RESEARCHERS ARE DEVELOPING FACE MASKS THAT LIGHT-UP WHEN IT DETECTS THE CORONAVIRUS

Coronavirus (COVID-19) Most Read

Thu 14 May 2020:

Sensors in face mask would light up to signal the presence of the new coronavirus when an infected person breathes, coughs, or sneezes

Researchers with Harvard and MIT are developing a face mask that can detect if the wearer is infected with coronavirus, media outlets report.

When saliva comes into contact with the fabric, whether through coughing, sneezing or just talking, a special material lining the mask will turn fluorescent if coronavirus is present, according to Harvard’s Wyss Institute.

If development is successful, the mask could be a powerful new tool against the virus, allowing for faster detection, and potentially greater accuracy, James Collins, an MIT professor of bioengineering involved with the project, told Business Insider.

“As we open up our transit system, you could envision it being used in airports as we go through security, as we wait to get on a plane,” Collins said. “You or I could use it on the way to and from work. Hospitals could use it for patients as they come in or wait in the waiting room as a prescreen of who’s infected.”

As countries around the world get up and running again, many are relying on temperature checks to detect infected individuals and pluck them out of circulation where they might otherwise kick off a new outbreak, outlets report.
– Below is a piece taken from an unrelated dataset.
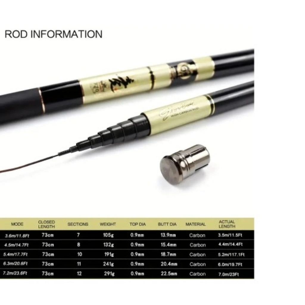 Yüksek Teknoloji Malzeme: Karbonfiber ve cam kompozit yapısı sayesinde kamış, süper hafif bir ağırlığa ve mükemmel dengeye sahiptir. Bu sayede uzun süreli kullanımlarda bile kol yorgunluğunu minimuma indirir.Kompakt ve Taşınabilir: Geri çekilebilir (teleskobik) tasarımı ile kapalı haldeyken oldukça az yer kaplar. Seyahatlerinizde, kamp gezilerinizde veya günlük yürüyüşlerinizde ağırlık yapmadan yanınızda taşıyabilirsiniz.5 Boğumlu Güçlü Gövde: 2.40 metre uzunluğundaki 5 boğumlu yapısı, büyük balıklarla mücadele ederken basıncı tüm gövdeye yayarak kırılma riskini azaltır.Ergonomik Tasarım: Teleskobik sap tasarımı, farklı tutuş pozisyonlarına uyum sağlar ve atış mesafenizi artırmanıza yardımcı olur.Çok Yönlü Kullanım: Tuzlu su (deniz) ve tatlı su (göl, nehir, havuz) balıkçılığı için tam uyumludur. Spin, hafif surf veya genel kullanım için idealdir.Kullanım AvantajlarıHassasiyet: Karbonfiber yapısı su altındaki en küçük titreşimleri bile hissetmenizi sağlayarak balık vuruşlarını kaçırmanızı önler.Dayanıklılık: Paslanmaya karşı dirençli halkaları ve dayanıklı dış yüzeyi ile uzun ömürlü kullanım vaat eder.Hızlı Kurulum: Saniyeler içinde açılıp kullanıma hazır hale gelir, av sürenizi artırır.Teknik BilgilerMalzeme: Yüksek Yoğunluklu Karbonfiber & Cam KompozitUzunluk: 2.40 mBoğum Sayısı: 5 BoğumTip: Teleskobik (İç içe geçmeli)Ağırlık: Ultra Hafif SegmentPaket İçeriği1 Adet Ultra Hafif Karbonfiber Teleskobik Olta Kamışı (2.40 m)

But coronavirus can be coursing through someone’s body for days without causing a fever or other symptoms, experts say, and so temperature checks might miss someone who is asymptomatic or presymptomatic.

That’s not a problem the mask will have.

Symptoms or no, if coronavirus touches the inside, it should show within three hours, Collins said in an interview with the Allen Institute.

Fluorescent light is needed to see if there’s been a reaction.

“The signal could be detected by a simple, hand-held device. If it hasn’t, you could take with some confidence that at present you’re not infected,” he told the Allen Institute. “If the mask does produce a fluorescence signal, the protocol would likely be contact your physician, as well as to immediately begin to self-isolate.”

Collins added that although the team is in the early stages of development, he is hopeful the mask will be publicly available this summer.